DATA FOR THE TASK ▸
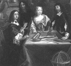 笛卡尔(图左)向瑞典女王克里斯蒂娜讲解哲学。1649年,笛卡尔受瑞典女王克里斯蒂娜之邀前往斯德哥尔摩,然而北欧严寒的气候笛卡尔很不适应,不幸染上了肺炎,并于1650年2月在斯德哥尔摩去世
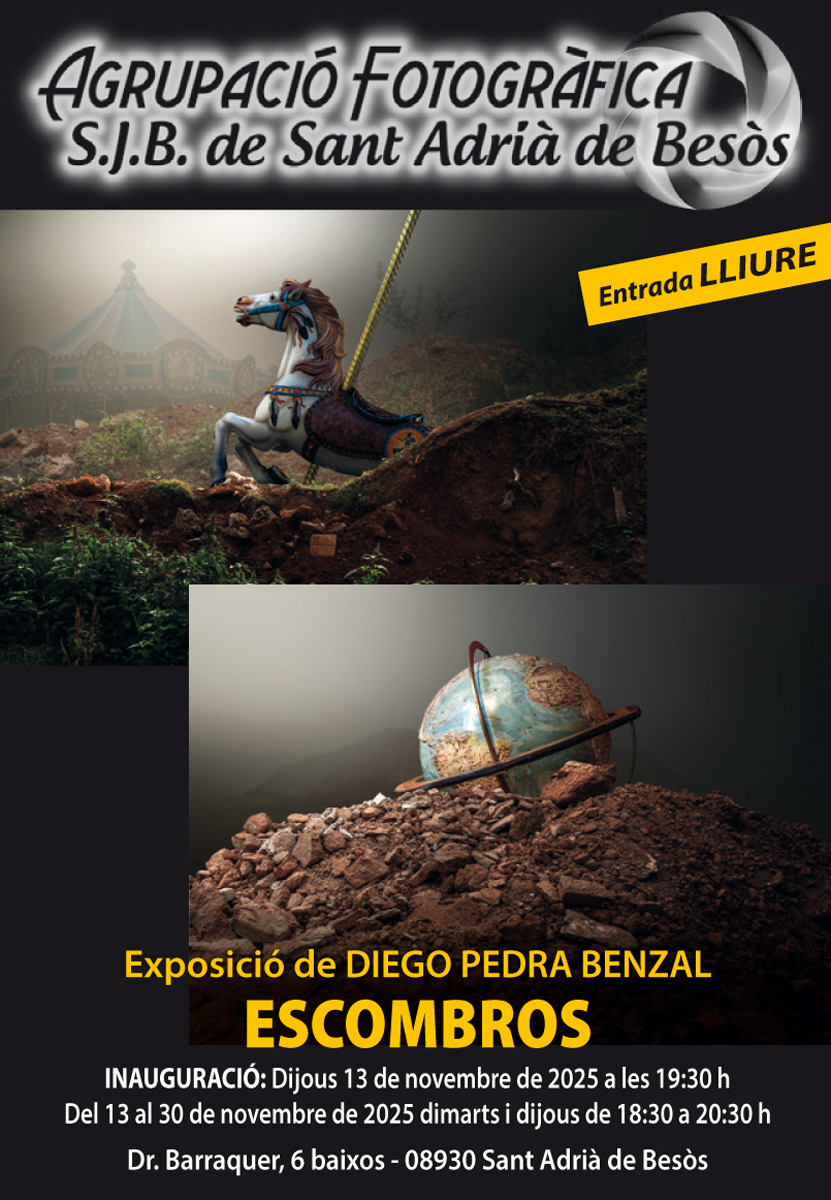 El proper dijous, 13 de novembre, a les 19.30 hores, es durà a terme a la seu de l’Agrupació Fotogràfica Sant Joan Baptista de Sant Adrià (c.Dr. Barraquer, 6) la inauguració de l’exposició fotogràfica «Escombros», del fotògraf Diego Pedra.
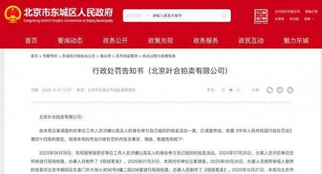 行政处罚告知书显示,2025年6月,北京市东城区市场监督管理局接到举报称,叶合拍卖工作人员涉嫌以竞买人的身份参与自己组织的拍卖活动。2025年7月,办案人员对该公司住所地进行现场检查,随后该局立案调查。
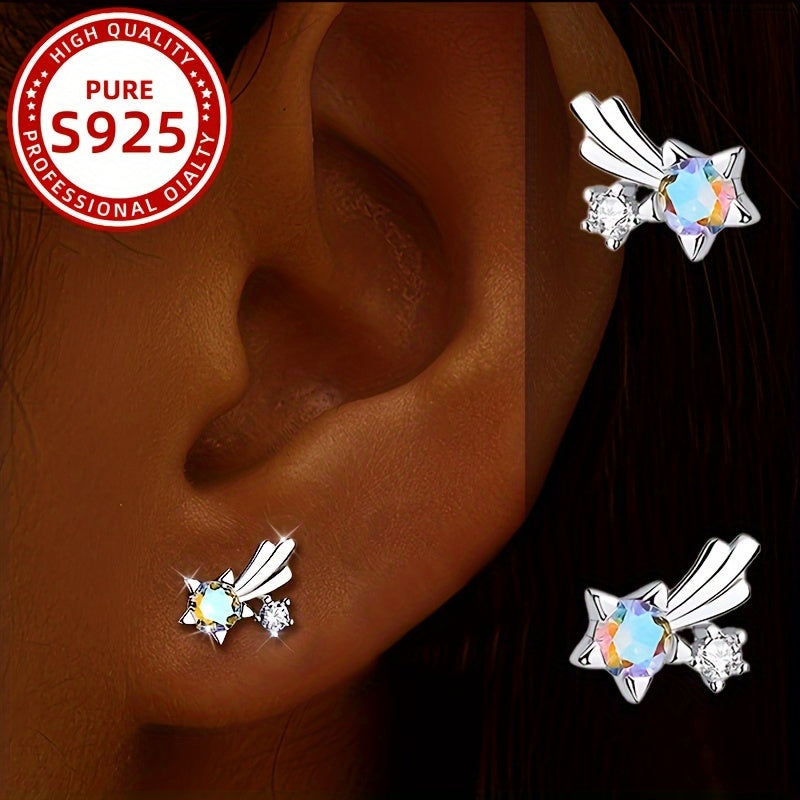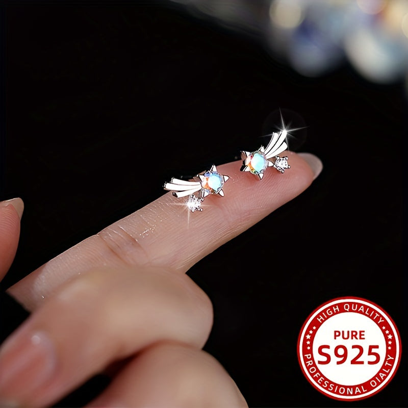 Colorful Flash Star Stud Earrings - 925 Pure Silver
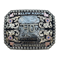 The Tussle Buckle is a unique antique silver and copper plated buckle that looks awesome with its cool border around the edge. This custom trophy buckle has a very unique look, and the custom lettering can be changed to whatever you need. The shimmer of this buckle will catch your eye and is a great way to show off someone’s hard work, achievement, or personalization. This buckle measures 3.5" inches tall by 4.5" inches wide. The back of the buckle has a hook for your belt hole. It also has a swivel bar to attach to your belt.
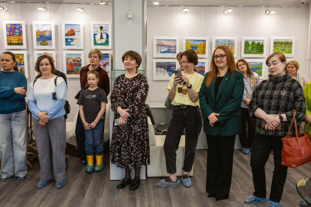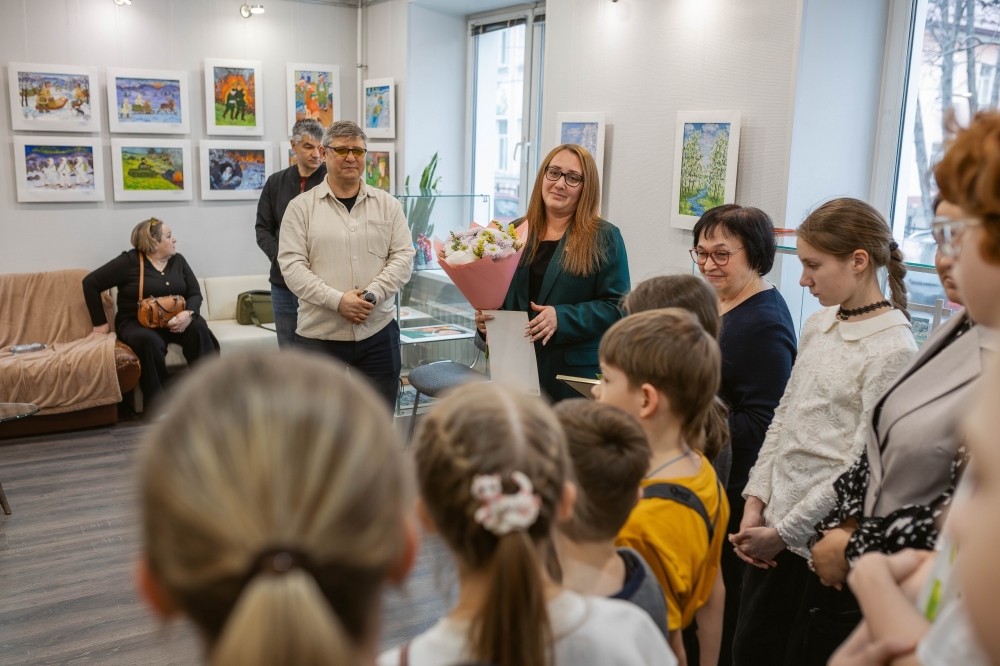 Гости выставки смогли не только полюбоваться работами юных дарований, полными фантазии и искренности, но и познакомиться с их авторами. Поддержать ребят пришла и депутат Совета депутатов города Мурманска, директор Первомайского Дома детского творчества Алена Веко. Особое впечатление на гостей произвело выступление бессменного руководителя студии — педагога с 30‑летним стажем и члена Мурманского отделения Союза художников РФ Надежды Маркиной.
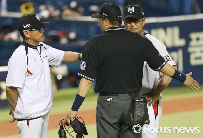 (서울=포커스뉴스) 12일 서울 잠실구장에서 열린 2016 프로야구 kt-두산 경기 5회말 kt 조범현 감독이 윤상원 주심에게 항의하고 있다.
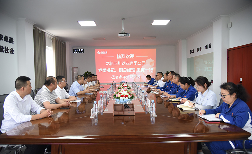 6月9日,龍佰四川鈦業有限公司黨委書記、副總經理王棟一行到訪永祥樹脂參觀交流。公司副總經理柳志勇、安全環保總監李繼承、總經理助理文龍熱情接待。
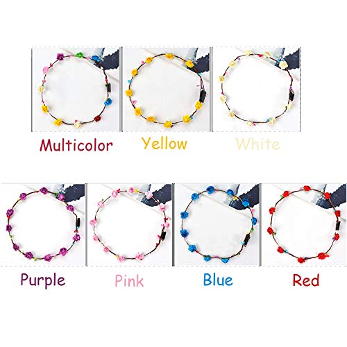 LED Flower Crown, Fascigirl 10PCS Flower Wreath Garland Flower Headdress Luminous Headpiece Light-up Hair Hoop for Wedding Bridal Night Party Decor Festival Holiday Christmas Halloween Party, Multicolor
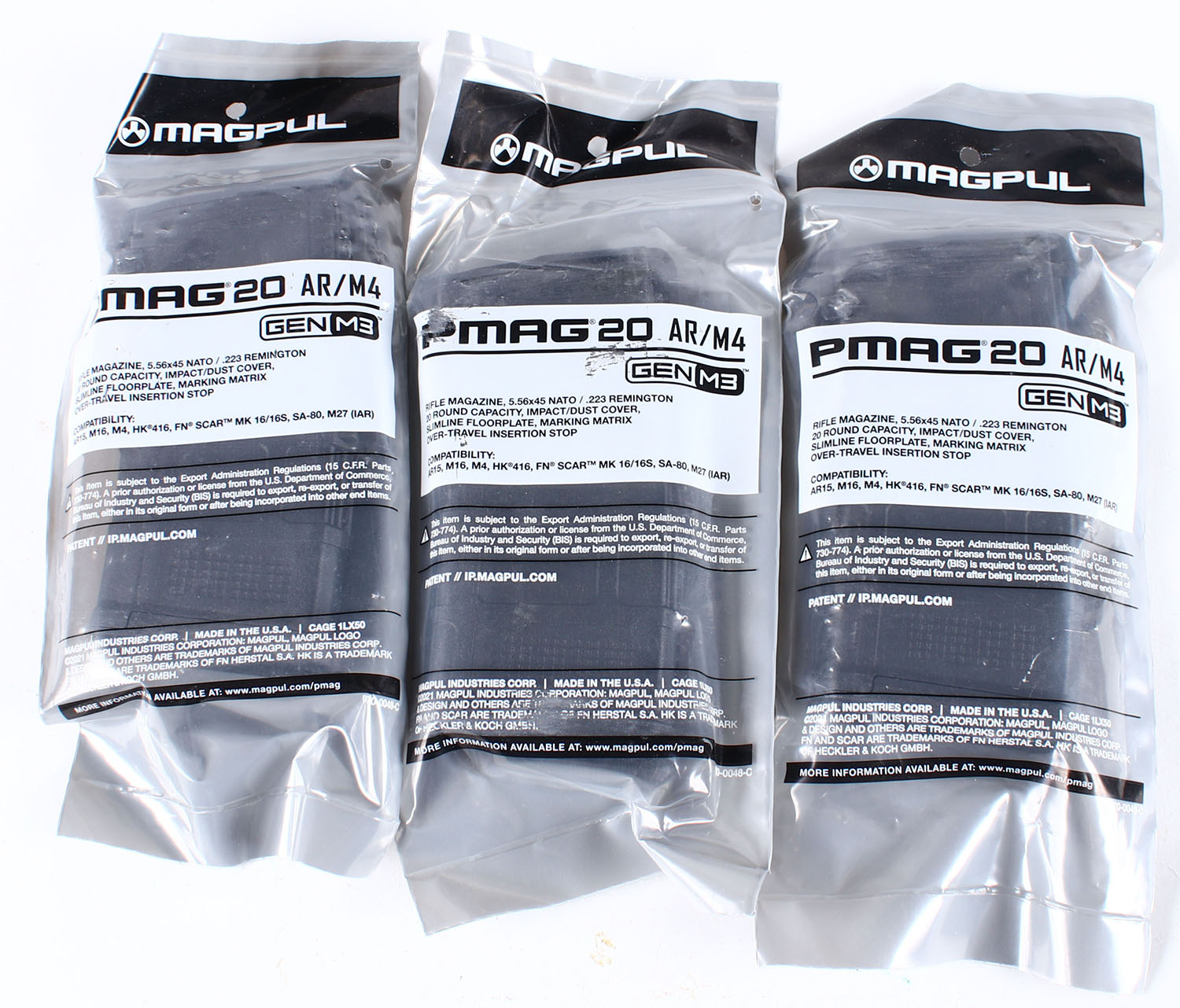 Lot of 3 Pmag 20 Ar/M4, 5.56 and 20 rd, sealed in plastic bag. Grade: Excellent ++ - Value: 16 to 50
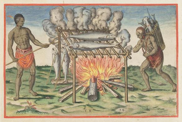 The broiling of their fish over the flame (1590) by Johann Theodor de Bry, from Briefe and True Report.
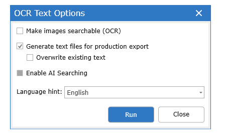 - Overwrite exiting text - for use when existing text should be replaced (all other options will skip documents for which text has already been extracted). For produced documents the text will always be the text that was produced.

WHAT THE TASK REQUIRES ▸ Within the listing above, the lines from the one with "行政处罚告知书显示,2025" through the one with "The Tussle Buckle" are to be given again word for word. Do not include pictures.

RESPONSE TO THIS TASK ▸
 行政处罚告知书显示,2025年6月,北京市东城区市场监督管理局接到举报称,叶合拍卖工作人员涉嫌以竞买人的身份参与自己组织的拍卖活动。2025年7月,办案人员对该公司住所地进行现场检查,随后该局立案调查。
 Colorful Flash Star Stud Earrings - 925 Pure Silver
 The Tussle Buckle is a unique antique silver and copper plated buckle that looks awesome with its cool border around the edge. This custom trophy buckle has a very unique look, and the custom lettering can be changed to whatever you need. The shimmer of this buckle will catch your eye and is a great way to show off someone’s hard work, achievement, or personalization. This buckle measures 3.5" inches tall by 4.5" inches wide. The back of the buckle has a hook for your belt hole. It also has a swivel bar to attach to your belt.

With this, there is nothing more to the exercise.